TRY IT. Reproduce the listing below exactly. Pictures do not belong in the copy.

MATERIAL PROVIDED.
BEGIN

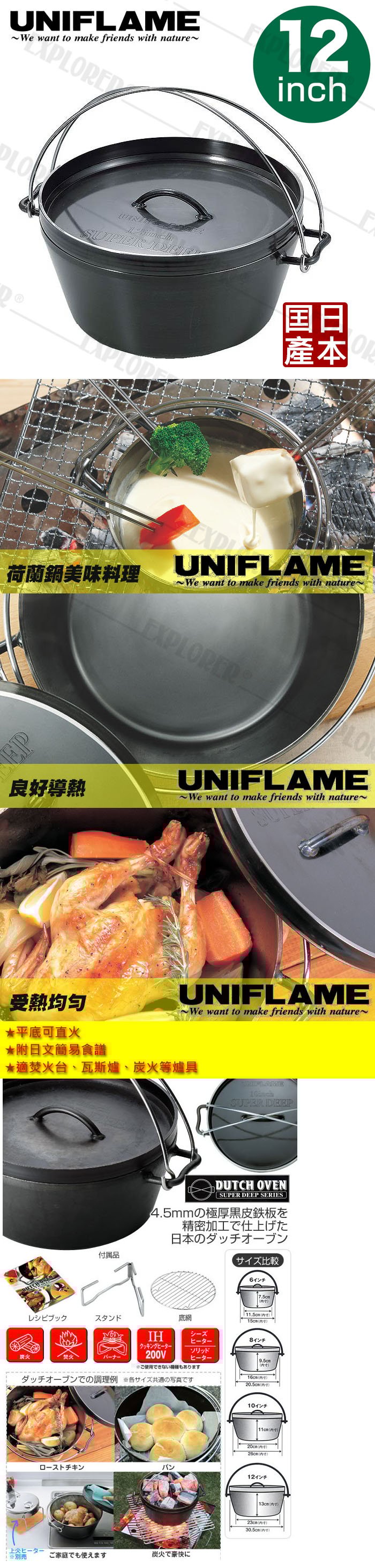 660966日本UNIFLAME 12吋黑皮鐵鍋 黑皮荷蘭鍋 鑄鐵鍋 日本製造(免開鍋
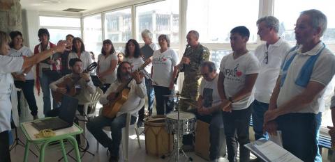 Emilia Giordana indicó que "es un placer festejar el cumpleaños del padre de la patria en el Hospital. La agrupación está formada por muchos cantores y músicos. Acá están Carlitos Casalla, Pablo Gabriel Sánchez, Juanjo Miraglia, Alexis Tellería, María Marta, Adriana Fonzo, la doctora Angaut, Ursula, Anita Montti, Ginny Jones, Nori Schulz, Tadeo Painefil, Marcelo Siñorelli, Carlos Bendstrup, Guillermo Giordana, Aldo Cárdenas, Diego Iraola y Adrián Porcel de Peralta".
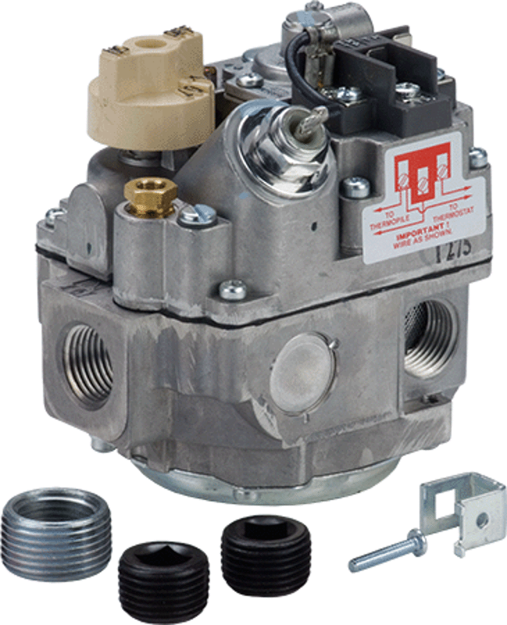 The Robertshaw 700-504 is a gas valve intended for managing natural gas flow in heating systems. This millivolt gas valve supports gas appliances requiring a maximum capacity of 240,000 BTU. It features a 1/2-inch inlet and a 3/4-inch outlet for efficient gas control, designed to provide reliable operation in various HVAC applications.
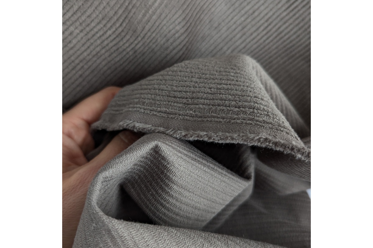 Sztruks bawełniany z dodatkiem spandexu (3%) to przyjemna w dotyku, elastyczna tkanina o gramaturze 320 g/m². Dzięki swojej strukturze z charakterystycznymi prążkami oraz naturalnemu składowi (97% bawełny, 3% spandexu), materiał jest jednocześnie trwały, przewiewny i komfortowy w noszeniu.

END

ANSWER SPACE.
 660966日本UNIFLAME 12吋黑皮鐵鍋 黑皮荷蘭鍋 鑄鐵鍋 日本製造(免開鍋
 Emilia Giordana indicó que "es un placer festejar el cumpleaños del padre de la patria en el Hospital. La agrupación está formada por muchos cantores y músicos. Acá están Carlitos Casalla, Pablo Gabriel Sánchez, Juanjo Miraglia, Alexis Tellería, María Marta, Adriana Fonzo, la doctora Angaut, Ursula, Anita Montti, Ginny Jones, Nori Schulz, Tadeo Painefil, Marcelo Siñorelli, Carlos Bendstrup, Guillermo Giordana, Aldo Cárdenas, Diego Iraola y Adrián Porcel de Peralta".
 The Robertshaw 700-504 is a gas valve intended for managing natural gas flow in heating systems. This millivolt gas valve supports gas appliances requiring a maximum capacity of 240,000 BTU. It features a 1/2-inch inlet and a 3/4-inch outlet for efficient gas control, designed to provide reliable operation in various HVAC applications.
 Sztruks bawełniany z dodatkiem spandexu (3%) to przyjemna w dotyku, elastyczna tkanina o gramaturze 320 g/m². Dzięki swojej strukturze z charakterystycznymi prążkami oraz naturalnemu składowi (97% bawełny, 3% spandexu), materiał jest jednocześnie trwały, przewiewny i komfortowy w noszeniu.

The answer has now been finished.